两者都可以配置为限制对某些目录的读/写。 Sydbox 甚至可以沙箱套接字。
You can try some generic sanbox such as Sydbox or Gentoo's sandbox. They are not Python-specific.
Both can be configured to restrict read/write to some directories. Sydbox can even sandbox sockets.
我认为像这样的修复将非常困难,这让我想起了我参加的一次关于在虚拟环境中编程的好处的讲座。
如果你真的这么做了,如果他们打扰了,那就很酷了。它暂时不会解决 True: pass 但 rm -rf / 并不重要。
I think a fix like this is going to be really hard and it reminds me of a lecture I attended about the benefits of programming in a virtual environment.
If you're doing it virtually its cool if they bugger it. It wont solve a while True: pass but rm -rf / won't matter.
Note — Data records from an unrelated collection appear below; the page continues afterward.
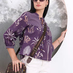 Purple Cotton Three Quarter Puffed Sleeves Top
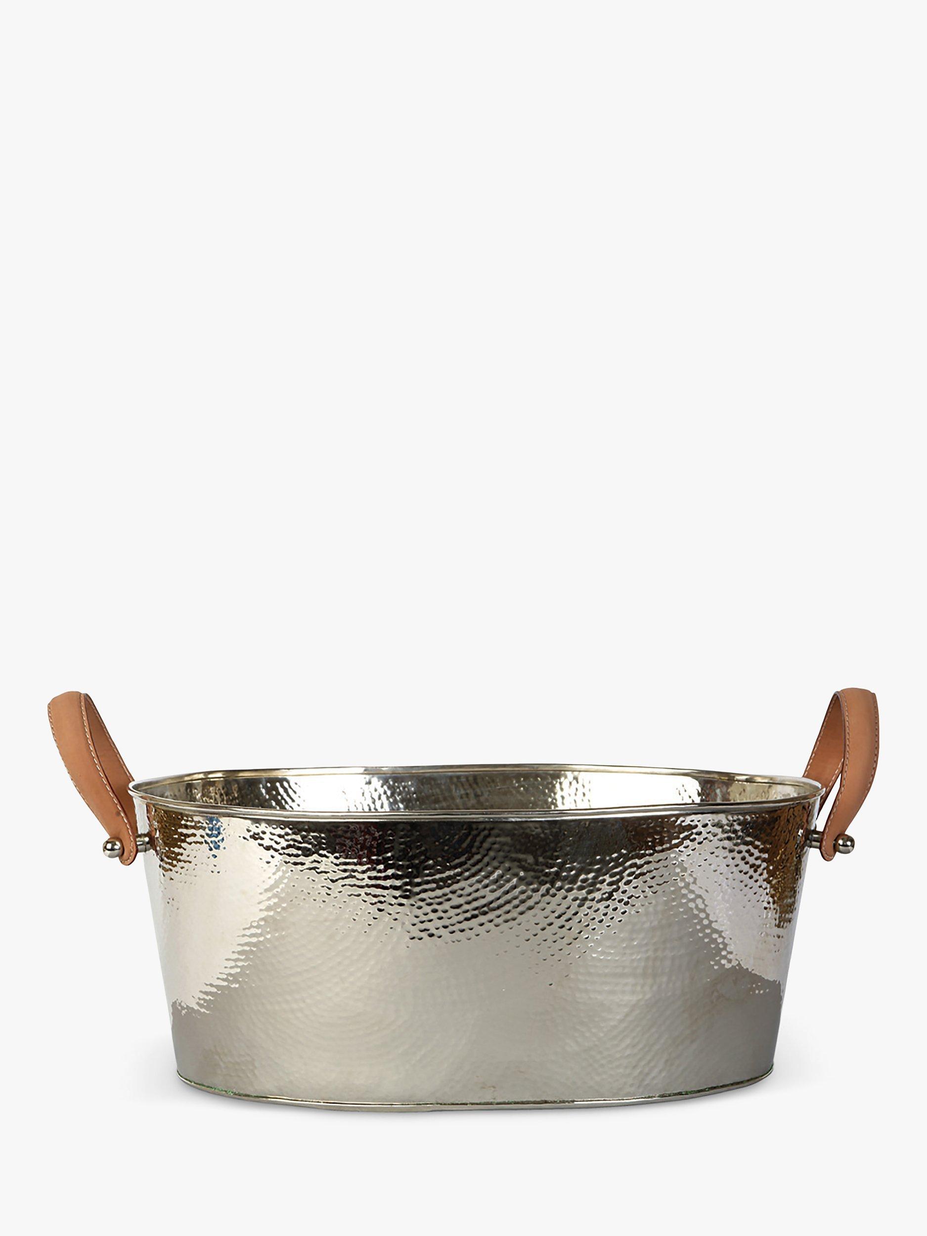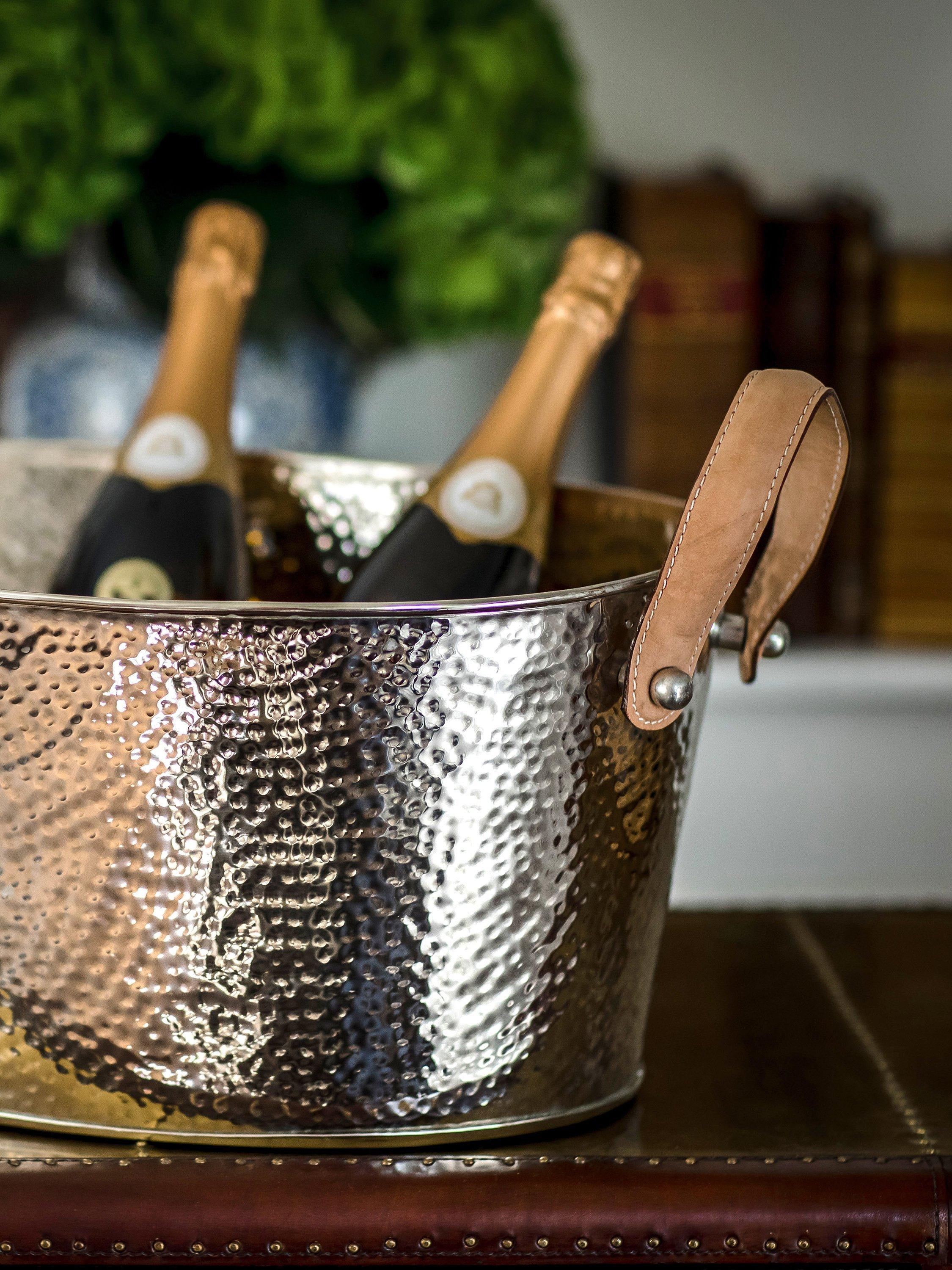 Made from nickel-plated steel it has a dimpled hammered finish and tan leather handles so you can easy move it even if full of bottles.
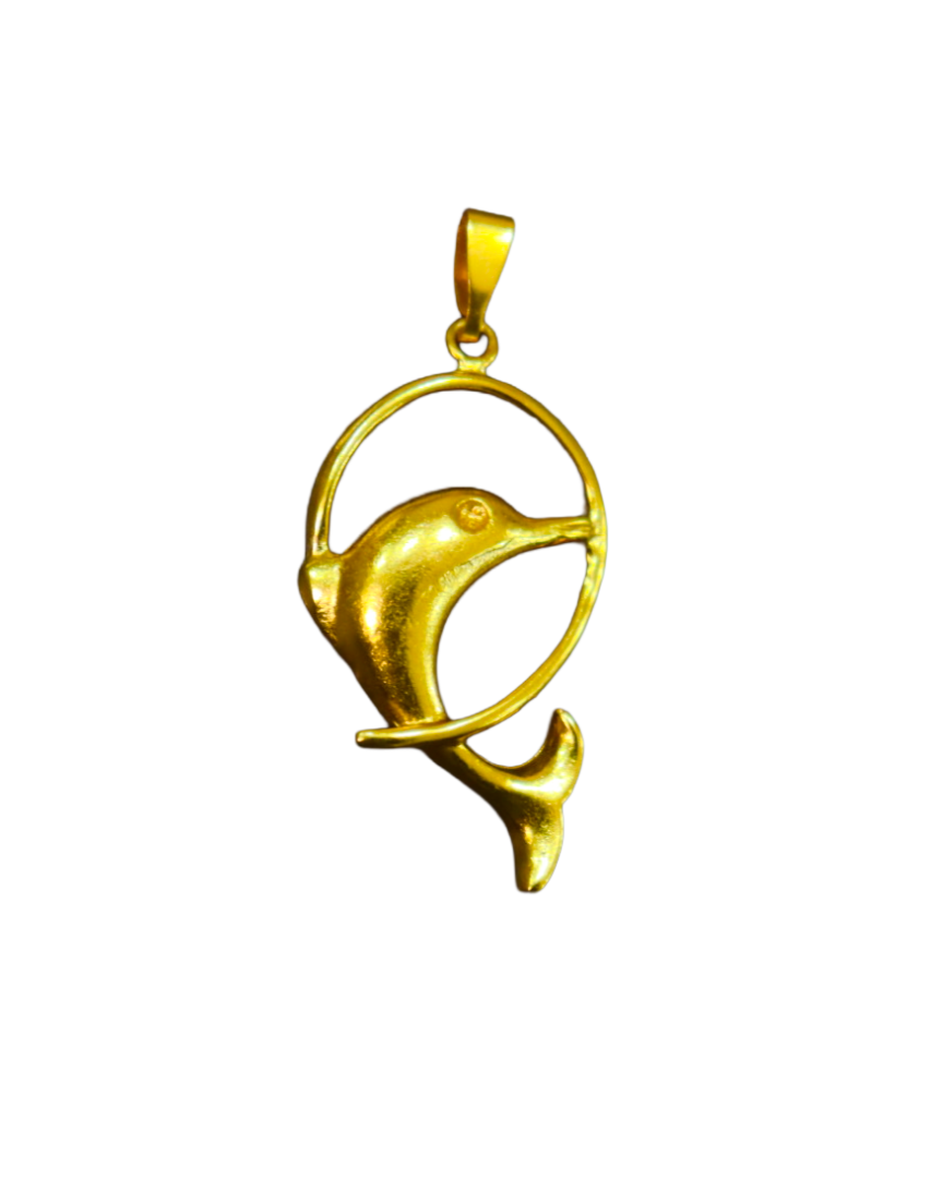 Celebrate playful elegance with this 14KT yellow gold pendant, featuring a dolphin leaping gracefully through a hoop. Its charming design captures movement and joy, making it a perfect accessory for everyday wear or a thoughtful gift for ocean lovers and jewelry enthusiasts alike.
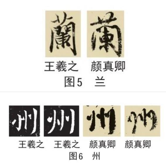 颜真卿行书有别于二王之处主要是强化“篆籀笔意”和“外拓法”,形成宽博、开张的特征。“外拓”是与“内擫”相对的一种笔法,从图5中两个“兰”字的写法就可以看出,王羲之用的是内擫法,颜真卿则是外拓法,颜真卿强化圆转遒劲的篆籀笔法和外拓手法,并形成强烈的个人风格。
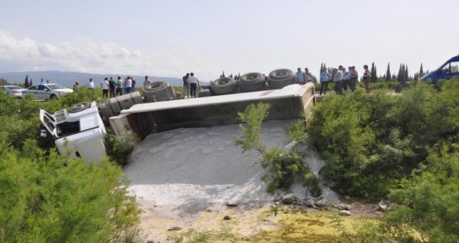 Kaza, bugün saat 16.00 sıralarında, Küme Evleri Mevkii'ndeki Yalkıdere Çayı'nda meydana geldi. Söke'den İncirliova'da bir inşaat firmasına kum taşıyan Coşkun Şahin, yönetimindeki 06 DC 7190 plakalı kamyonun direksiyon hakimiyetini yitirdi. Yoldan çıkan kamyon, içinde bir miktar su bulunan Yalkıdere Çayı'na devrildi. Kamyon şoförü Şahin, kazada yaralandı. İhbar üzerine kaza yerine gelen sağlık ekipleri, yaralı Şahin'i ambulansla Aydın Devlet Hastanesi'ne kaldırdı. Tedaviye alınan Şahin'in hayati tehlikesinin bulunmadığı bildirildi. Çay kenarına dökülen bir miktar kumun da toplanıp başka bir kamyona aktarılacağı, aracında çekici yardımıyla kaza yerinden kaldırılacağı belirtildi. Polis, kazayla ilgili soruşturma başlattı.
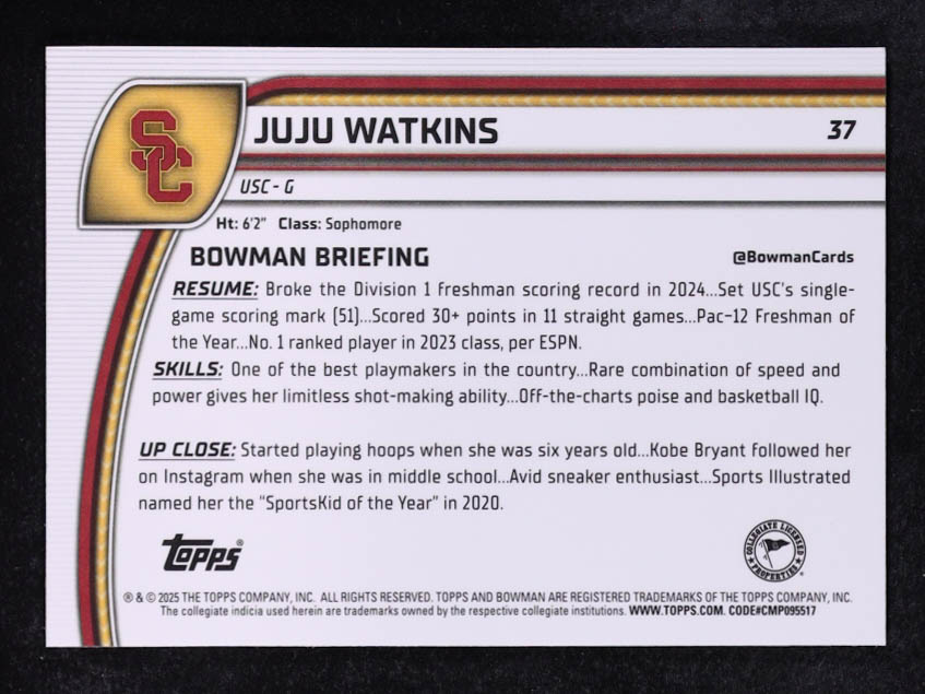 Juju Watkins 2024-25 Bowman Chrome University #37
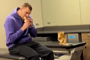 在视频中,约基奇首先说道“因为那个(选秀广告)我从不吃Taco Bell。”镜头一转,是他在更衣室首次品尝卷饼一幕。
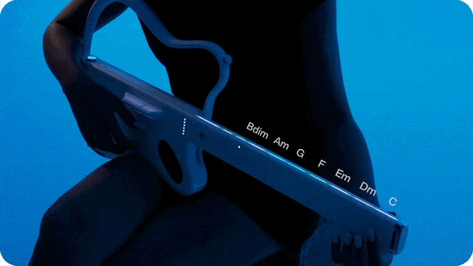 タッチ式のネックには複数のコード(和音)が割り当てられている。それぞれのゾーンを押さえながら、ボディ中央のパッドをタップすれば、対応したコード音を演奏する。
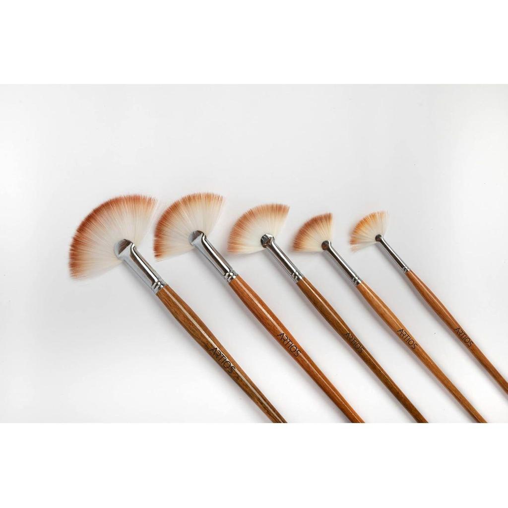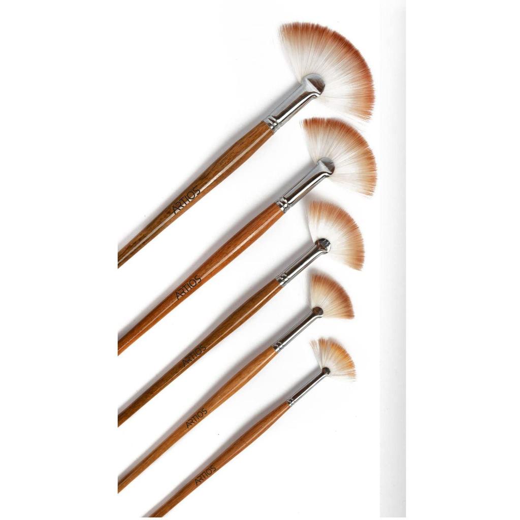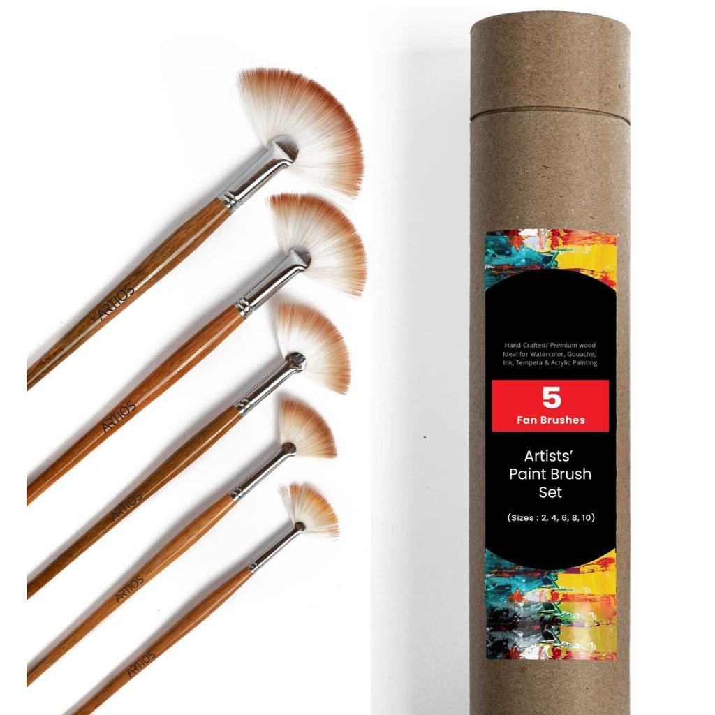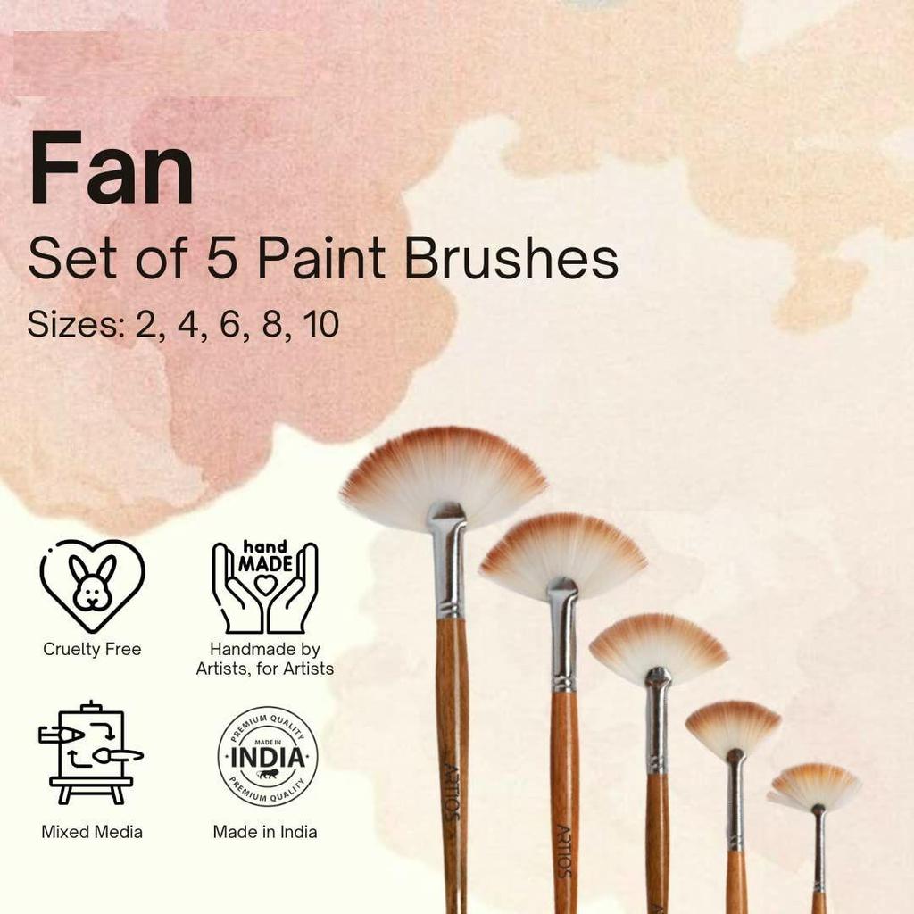 Набор веерных кистей для рисования/Набор профессиональных кистей ручной работы для рисования акрилом, акварелью и гуашью с подставкой для кистей - Не тестируется на животных (5 Веерных кистей)(Дерево), Синтетическая щетина
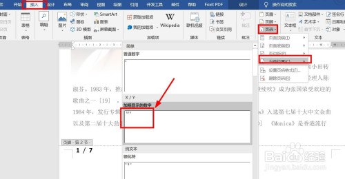 页码显示出来后,当前页码从文档的第二页起头显示。可是总页数也要改为第2节所有的页数,所以这里要把总页码7改为6,设置如下:
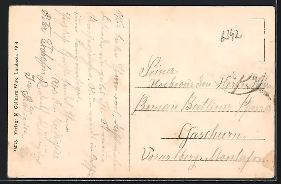 alte Ansichtskarte, gelaufen, Briefmarke entfernt, rückseitig Oberflächenschaden, guter Zustand
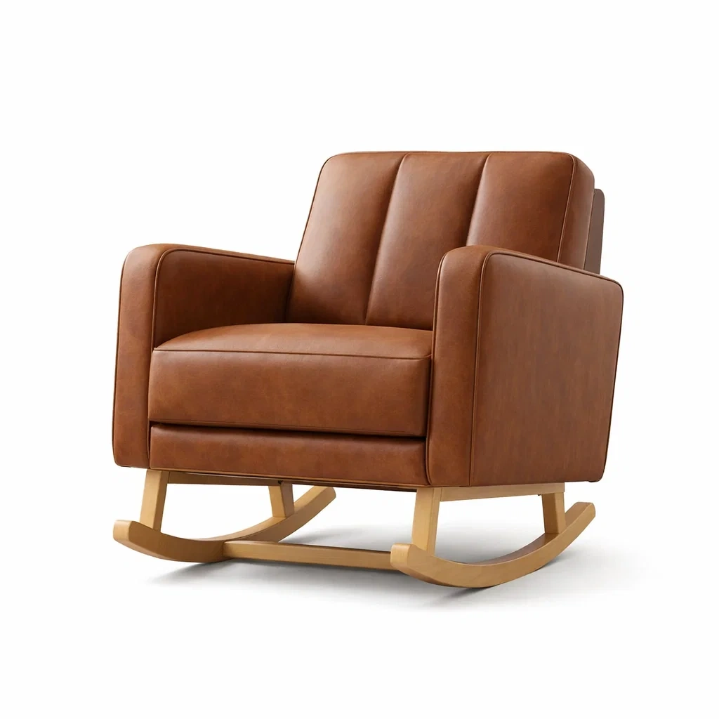 Sedia a dondolo in Pelle Sintetica Marrone con Struttura in Legno
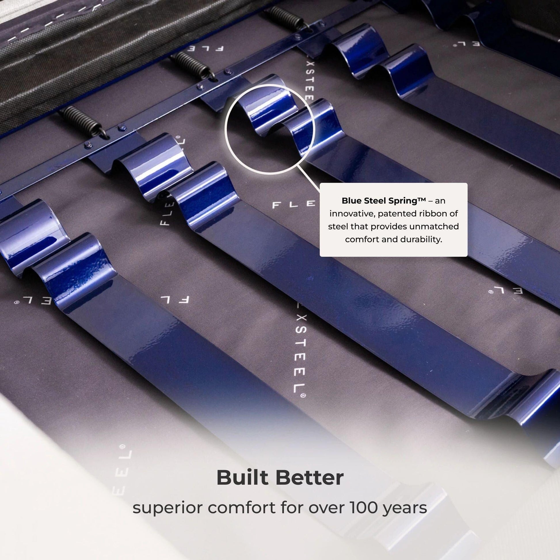 - Built to last with our Dual Flex Spring System—sturdy steel ribbons attached to flexible coils that offer a wide range of motion and durability
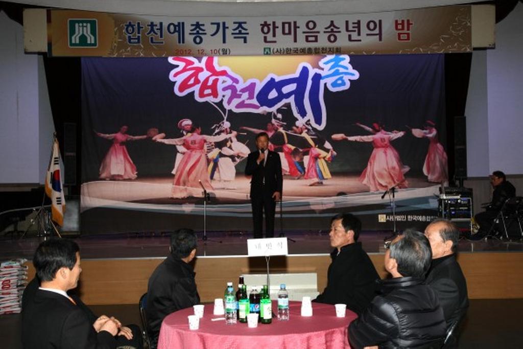 본 행사에 참석한 허홍구 군의장은 축사를 통해“연말연시에 이같이 뜻깊은 행사를 개최하게 된 합천예술인들의 노고를 치하하며, 앞으로는 예술의 발전이 국가와 지역사회 발전을 앞당김은 물론 향후 문화수준의 척도가 될 것”이라고 전하였다. 그리고 하상도 예총합천지회장은 인사말을 통해 “많은 분들의 도움 덕분에 합천예총이 지금까지 발전해왔음에 감사드리며 앞으로도 지속적인 격려와 지원을 당부드린다”고 전하였다.
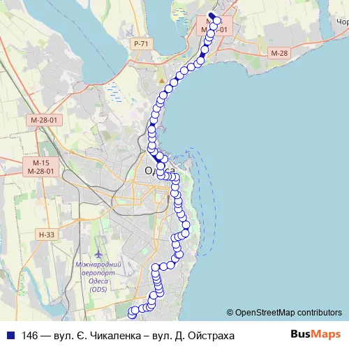 Bus 146 - вул. Є. Чикаленка – вул. Д. Ойстраха Schedule in Odesa
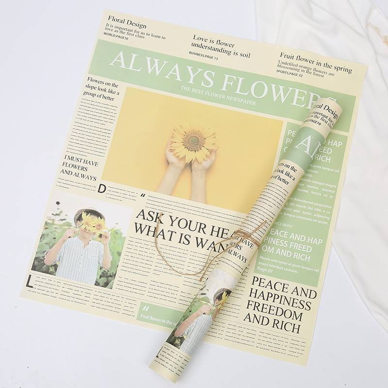 One side of the paper is printed to mimic the authentic look of a newspaper. Thoughtfully designed patterns, text columns, and images make this paper an excellent backdrop for floral arrangements. The other side of the paper features a smooth surface.

除非我弄错了(而且很可能是这样),这就是 Google 为 App Engine 更改 Python 的主要原因。您在他们的服务器上运行 Python 代码,但他们删除了写入文件的功能。所有数据都保存在“nosql”数据库中。
这不是对您问题的直接回答,而是在某些情况下如何处理此问题的示例。
Unless I'm mistaken (and I very well might be), this is much of the reason behind the way Google changed Python for the App Engine. You run Python code on their server, but they've removed the ability to write to files. All data is saved in the "nosql" database.
It's not a direct answer to your question, but an example of how this problem has been dealt with in some circumstances.